Gravity

‘Gravity manages the considerable feat of creating a feeling of horrific claustrophobia amidst an endless sea of empty space. It’s superbly tense.’ This soul-searching disaster sci-fi deserves all the praise it can get, says a wide-eyed ALEX KEMP.


Before Gravity, no film had ever truly captured weightlessness.

There were recently reports of cinemas warning audience members of possible seasickness before screenings of Captain Phillips; perhaps the same precautions should be taken here. Gravity feels like one tracking continuous shot in which the camera swirls and eddies between the vast chasm of space, the blue beacon of Earth, and the faces of its two lead characters, struck by wonder and alarm. The cuts are entirely seamless, giving the impression that the camera is as wide-eyed and transfixed as the audience.

Our heroes, Dr Stone (Sandra Bullock) and Dr Kowalski (George Clooney) are astronauts cast off into space. Unexpectedly, perhaps – and here comes more irony – they also seem entirely down to Earth. Kowalski’s first thought after the satellite collision is that ‘half of North America just lost their Facebook’. In keeping with the tradition of most great space movies, from Alien to 2001, this film recognises that its characters’ role is to give a sense of perspective. We would feel so much less involved when presented with the grand old sight of the Earth from space, were it not for the fact that somewhere on that orb is our home, replete with the people and things, routines and responsibilities, that once seemed so huge. At one point, Dr Stone makes reference to a tiny accident in her home life, the repercussions of which were as devastating as those of the random calamity that opens the film. It is this drawing of comparisons between the big and the small, this ruthlessly telescopic sensibility, which carries the film.

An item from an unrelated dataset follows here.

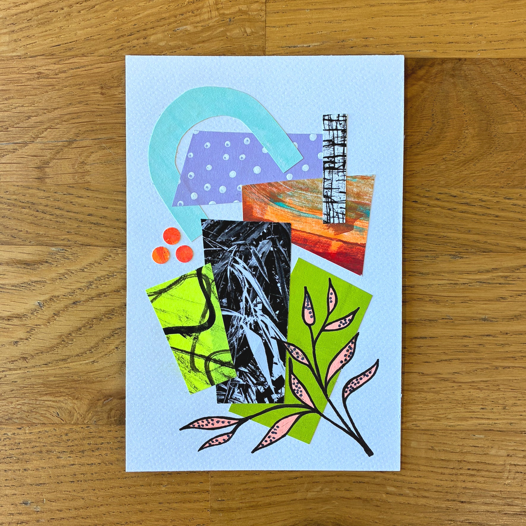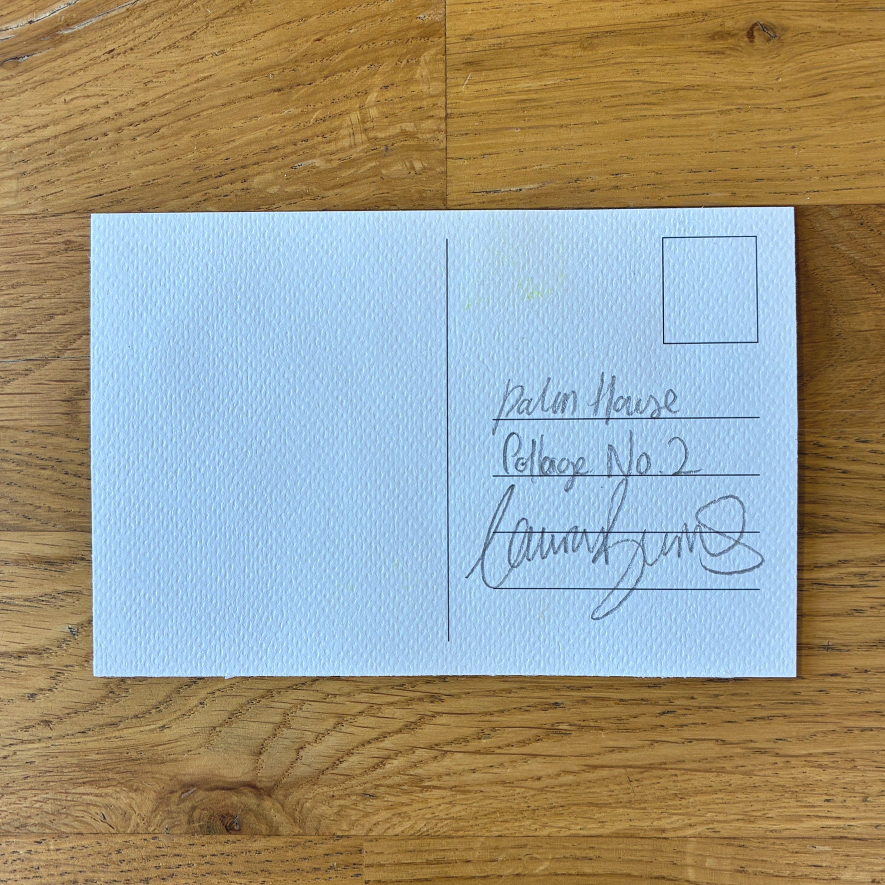 This A6 postcard features an intricate paper cut-out artwork inspired by Kew Gardens, showcasing detailed botanical elements. Each postcard is signed on the back.

And yet, for all the soul-searching and lingering on vistas, let’s not forget that this is first and foremost a thriller and a disaster movie. Bullock’s breathlessness is infectious, as we are plunged inside her helmet looking out onto sheer spinning blackness. Gravity manages the considerable feat of creating a feeling of horrific claustrophobia amidst an endless sea of empty space. It’s superbly tense. What’s more, the admirably taught running time – a rare thing of late – is well judged; the film never stretches the premise beyond its limits, and daringly restricts itself to the two characters’ story, without losing its nerve by cutting to elsewhere. Personally, I would have liked the film to end ten minutes before it does, at a bleaker but more beautiful point in the film. Yet it would be churlish to argue that this detracts from the film’s achievements – how refreshing it is to find an awards season film that does not out-stay its welcome for a good half hour or more.

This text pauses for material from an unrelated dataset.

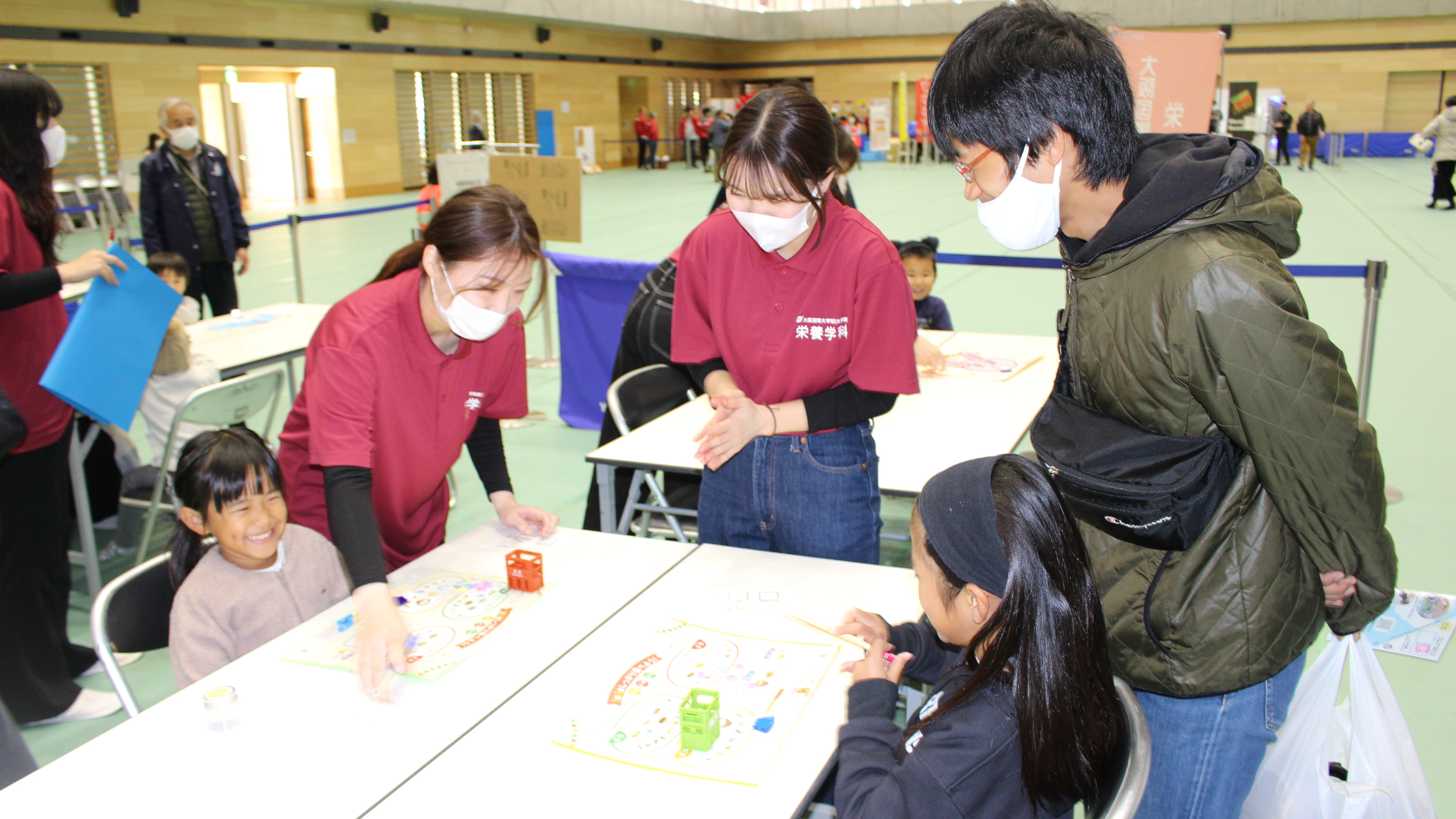 門真市が大学等と連携した子どもたちへの「キャリア教育イベント」に学生講師として体験イベントを開催し、参加者に栄養士の魅力的な仕事を実体験してもらいました。

Director Alfonso Cuaron (Children of Men and the best Harry Potter film) has crafted a film that marries jaw-clenching action with astonishing visual clout. It’s films like Gravity that make Cambridge’s lack of IMAX screens a real pain in the ass; I saw it soaked through with rain on a cinema screen barely bigger than a telly. It might even be worth leaving the Bubble for the weekend just to track down an IMAX: this film really needs to be seen on a screen as large as possible, with an ear-smacking sound-system and in full 3D. For films as lauded as Gravity, particularly those which have garnered so much buzz even before their release – James Cameron named it ‘the best space film ever done – a critical backlash seems almost inevitable. Let’s hope, though, that the cynics keep their claws in. Gravity deserves all the praise it can get.